Just thought I come through because I just had this on my mind and wanted to blog it. It may be confusing it may not be. I'm just writing as the words come to my mind. Its no specific order or whatever.

I have to learn to keep my Faith when trying times come around. I have to learn to trust You more and more. I have to learn to not question the things you do. I have to learn to cast my cares upon you and leave them there. I have to learn that everything you do has a purpose that I may not understand, but know that it is your plan for me. No matter what happens in my life I have to remember that your word is truth. That you will never leave me nor forsake me. Work on me Jesus. I want to give you my all and surrender myself to you. I know that the road won't be easy, you never said that it would be. But I know that I won't be on that road alone that you are always there. I want you apart of my everyday life. I desire to have you apart of my everyday life and everything I do. Let not my will, but your will be done. I don't want to stray away anymore. Lord guide me down the right path and help me to stay on that path once I'm there. I desire to be more like you Jesus. I cry often because I know I've been a disappointment to you and I want to do better. Forgive me of my sins. I love you beyond what words can express. I'm tired of being partially right I want to be all the way...God give me the strength, give my family and friends the strength they need to get through any situation they are going through. You are our comforter, our way maker, our provider. our everything.
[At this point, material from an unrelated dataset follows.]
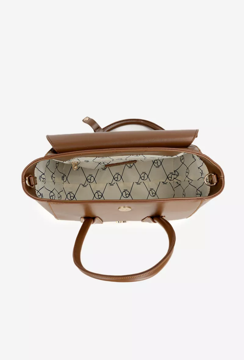 Gaminyje įdiegta reguliuojama, nuimama dirželė, kuri suteikia galimybę pasirinkti nešiojimo būdą, priklausomai nuo jūsų poreikių. Taip pat yra patogios rankenos, susietos su dangčiu, kurie ne tik padidina patikimumą, bet ir suteikia papildomą estetinį žavesį. Tad ši rankinė bus praktiškas pasirinkimas įvairiomis progomis.

I fall to my knees with tears in my eyes and I pray to You endlessly...you know my every thought. You know that all I ever wanna do is be there when I'm needed and as much as I can. You know my heart aches when I'm not able to do so. I don't understand why, but I have to trust that You have it all under control no matter how hard it maybe for me. Its just frustrating when I can't do anything, but sit back and let it be known that I'm always here and try to give words of encouragement. I feel like it isn't enough. *tears* why do I cry when you say it would be alright.

I have to trust Him, believe Him, and never doubt Him.